Purpose: To validate the 2010 diagnostic criteria from the American Association for the Study of Liver Diseases (AASLD) for hepatocellular carcinoma (HCC) on MRI using the surgical liver specimen as a gold standard.
Patients and methods: A total of 21 liver transplant recipients were retrospectively included. Each underwent surgery because of HCC between January 2007 and January 2008. Pre-transplant MRI was performed on a 1.5 Tesla MR unit. The T1W and T2W signal and kinetic contrast enhancement were correlated for each lesion with the surgical specimen. Lesion diameters between MRI and specimen were compared (Spearman). A multivariate model was created (R statistics software package) to predict the presence and grade of tumor differentiation (WHO, Edmonson Steiner).
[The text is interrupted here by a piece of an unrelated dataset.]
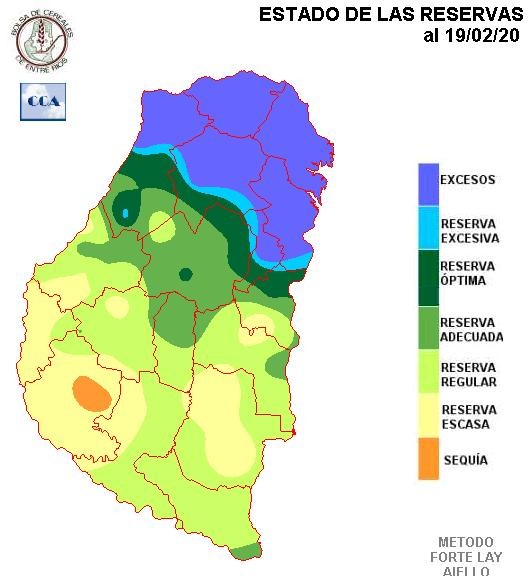 Conforme nos desplazamos hacia el sur de la provincia, la condición que presentan las reservas de humedad se va deteriorando, observándose un predominio de la categoría regular sobre la mayor parte del sur de la provincia. No podemos descartar que el bolsón más seco que se insinúa sobre Victoria, no gane territorio durante el resto de febrero.

Results: A total of 71 nodules were detected at histology, including 54 HCC (mean size: 25.3mm) compared to 68 on MRI. There was moderate agreement (r=0.58, P<0.001) between the maximum lesion diameters measured on MRI and at histology. Wash-out on MRI provided an accuracy of 75 % for the detection of HCC (sensitivity=75 %, specificity=76 %). Adding T2W hyperintensity to the AASLD criteria increased the sensitivity of MRI from 70.3 % to 77.7 % for the diagnosis of HCC and from 67.6 % to 79 % for nodules less than 20mm in diameter, without affecting specificity. On multivariate analysis, wash out as a single variable was significantly associated with a diagnosis of HCC (P<0.01, odds ratio 12.0, CI 95 % [2.6-55.5]). T1W hyperintensity (P=0.04, odds ratio 5.4) and loss of signal on opposed-phase images (P=0.02, odds ratio 9.2) were predictive of good differentiation.
Conclusion: On MRI, the AASLD criteria or presence of wash out within a liver nodule in patients with underlying chronic hepatocellular disease are suggestive of tumoral transformation. The addition of T2W hyperintensity to the AASLD criteria increases the detection of HCC, especially nodules smaller than 20mm.